Climb Fest 2025 Celebrates Rock Climbing’s Boundless Future

But while climbing’s global expansion is undeniable, its local meaning in communities of color carries particular significance. New gyms in Oakland, Harlem, and other areas aren’t just meeting recreational demand—they’re creating spaces where young people can literally and metaphorically reach new heights.

Lang emphasizes that Black and Brown climbers bring something irreplaceable to the sport.

“We bring a certain essence to the sport that is beyond just climbing—it’s the sauce, the swagger, how we conduct ourselves. I want climbing to be something that’s regular, not extreme to see Black climbers—but I don’t ever want us to lose the sauce and the essence.”

This distinction is crucial. The future of climbing must create space not just for diverse bodies, but for diverse ways of being, celebrating, and moving through vertical space.

The push for inclusivity in climbing extends beyond racial diversity to encompass climbers with disabilities, varying economic backgrounds, and different gender expressions. Adaptive climbing programs are growing nationwide, proving that the sport’s fundamental appeal—problem-solving through movement—transcends physical limitation.

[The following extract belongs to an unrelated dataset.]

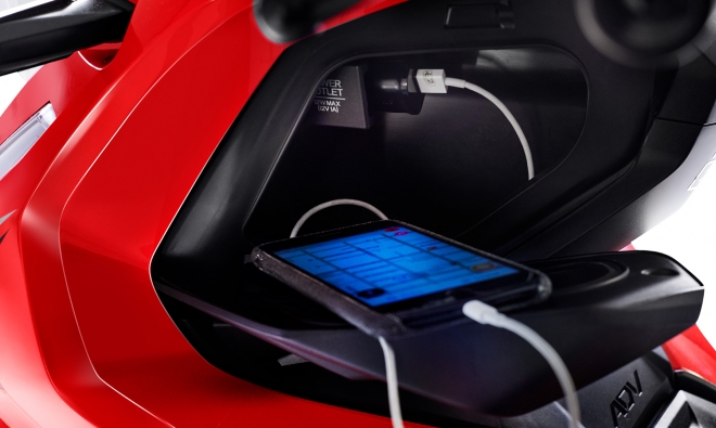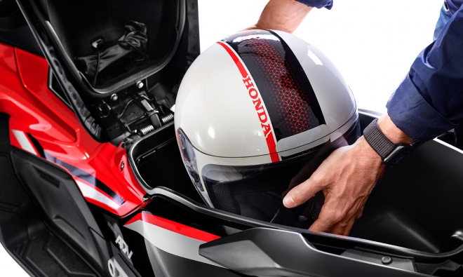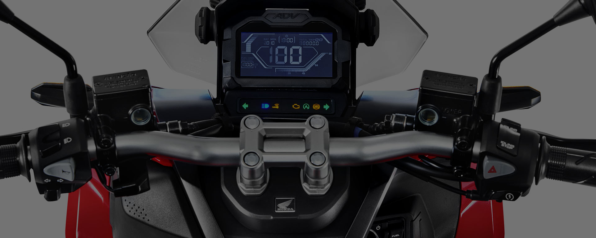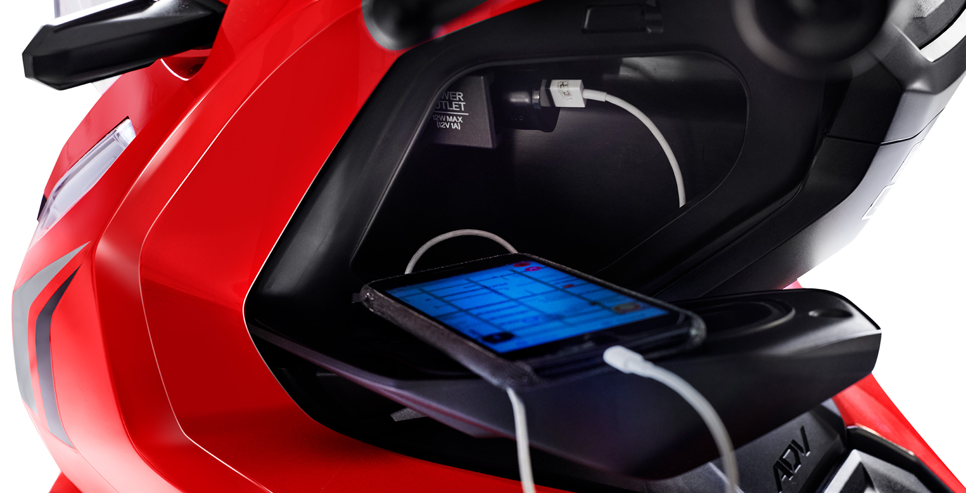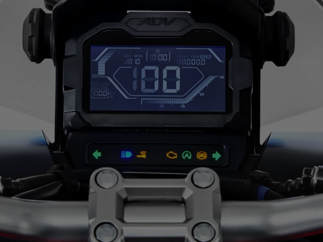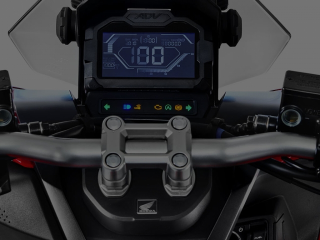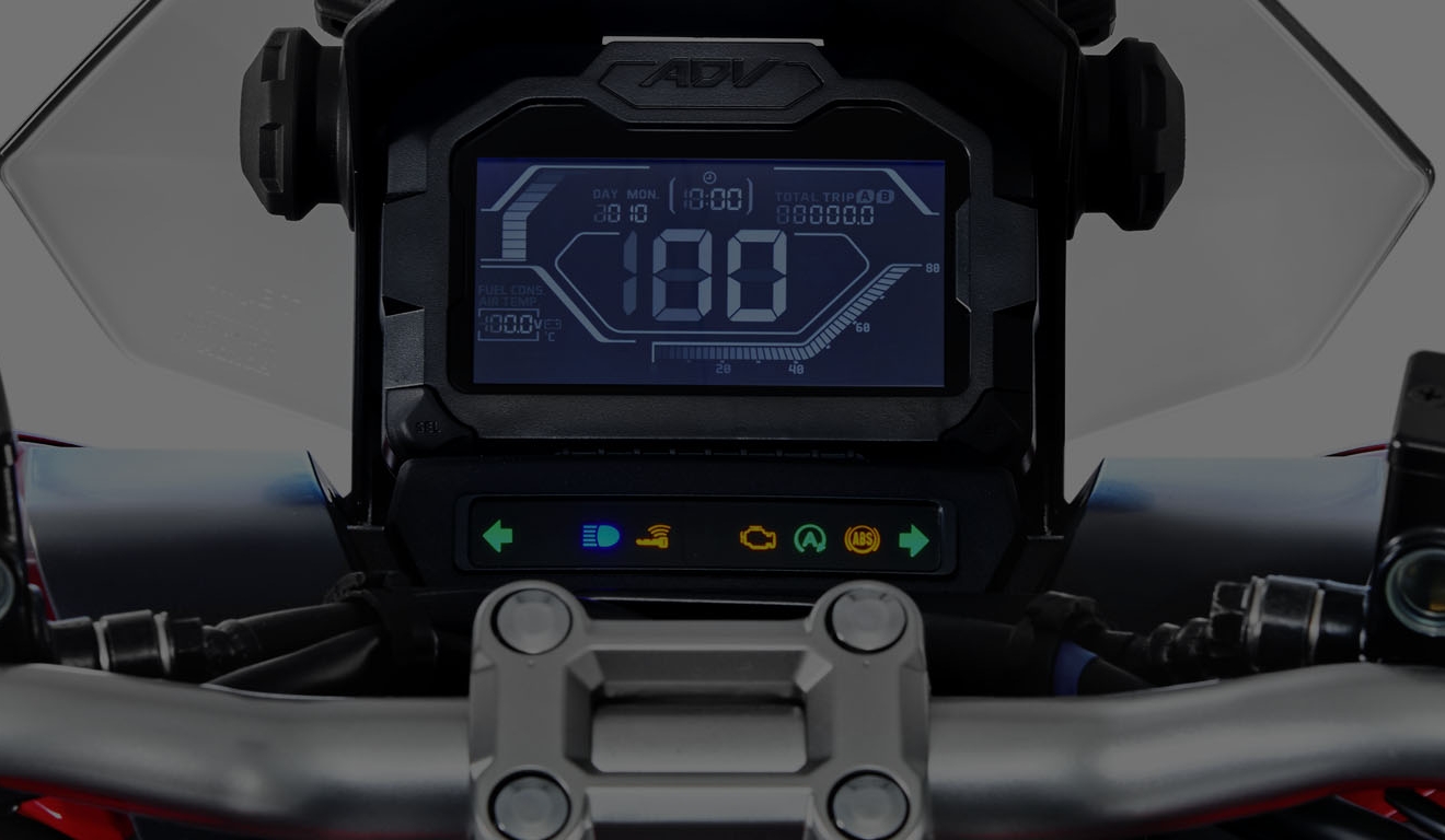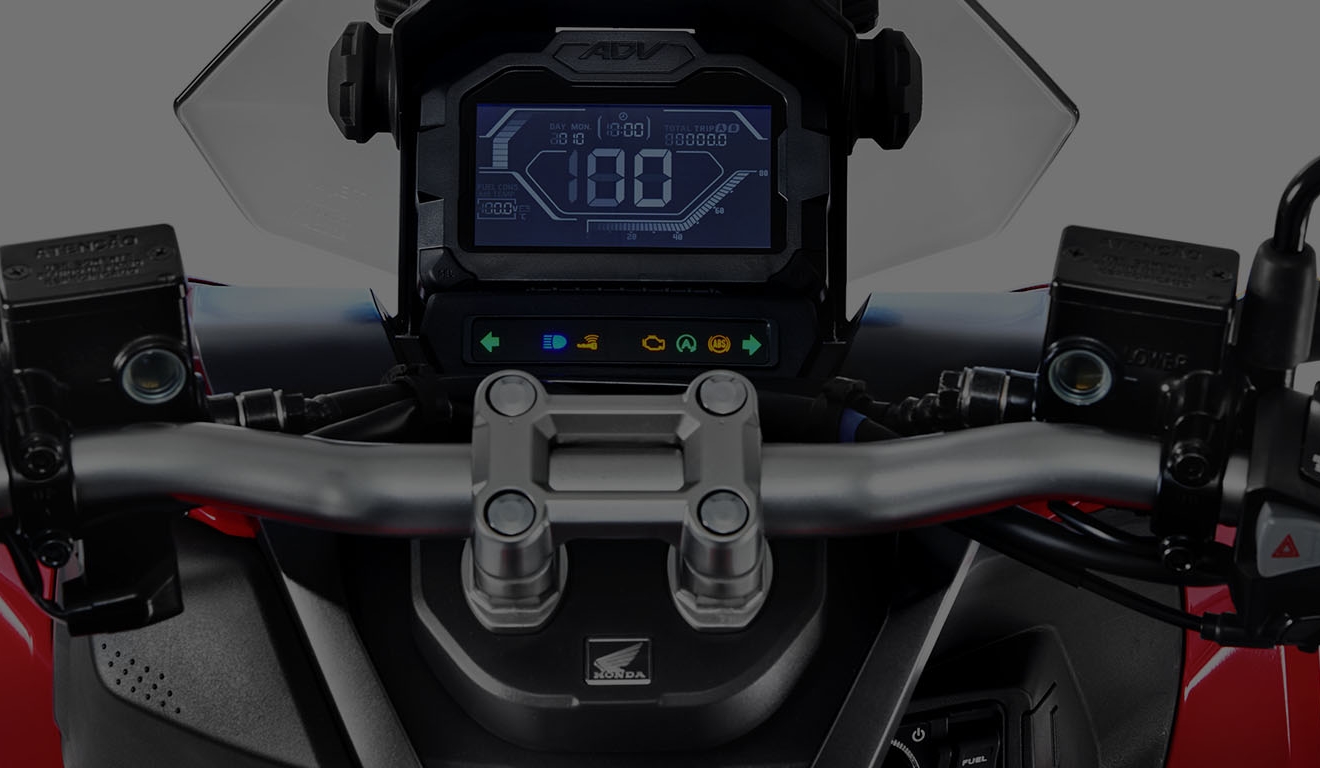 Inovadora e aventureira, a Honda ADV é a primeira scooter da categoria com suspensão a gás no Brasil. Mesmo em vias esburacadas e irregulares, garante conforto e melhor desempenho para o piloto. Além disso, também possui um maior curso de suspensão. Com a Honda ADV, você encara diversos tipos de terreno. Inspirado na X-ADV, o estilo do painel 100% digital dessa scooter combina com a sua próxima aventura. Com ele, você tem todas as informações à sua disposição: relógio, indicador de troca de óleo e nível de gasolina, velocímetro, hodômetro total e parcial, registro de consumo médio e instantâneo de combustível, temperatura ambiente e nível de carga da bateria. Muito mais praticidade no seu dia a dia. A Honda ADV possui Smart Key (chave inteligente), tecnologia que permite ligar a moto sem precisar tirar a chave do bolso. O sistema eletrônico Idling Stop da Honda ADV desliga o motor quando a scooter está parada e liga automaticamente ao acelerar. Você segue a viagem tranquilamente e ainda economiza combustível. Ideal para quem deseja um dia a dia mais prático e funcional, o porta-objetos da Honda ADV conta com uma tomada 12V para carregar o smartphone.

Organizations are pioneering techniques and equipment that make climbing accessible to athletes with visual impairments, limb differences, and spinal cord injuries. Their work demonstrates that the climbing community’s collaborative spirit can literally move mountains when applied to accessibility challenges.

The wall at Climb Fest 2025 will come down, but its lessons remain. Climbing’s future depends on building something more permanent: a culture where every person can see themselves reaching for the top.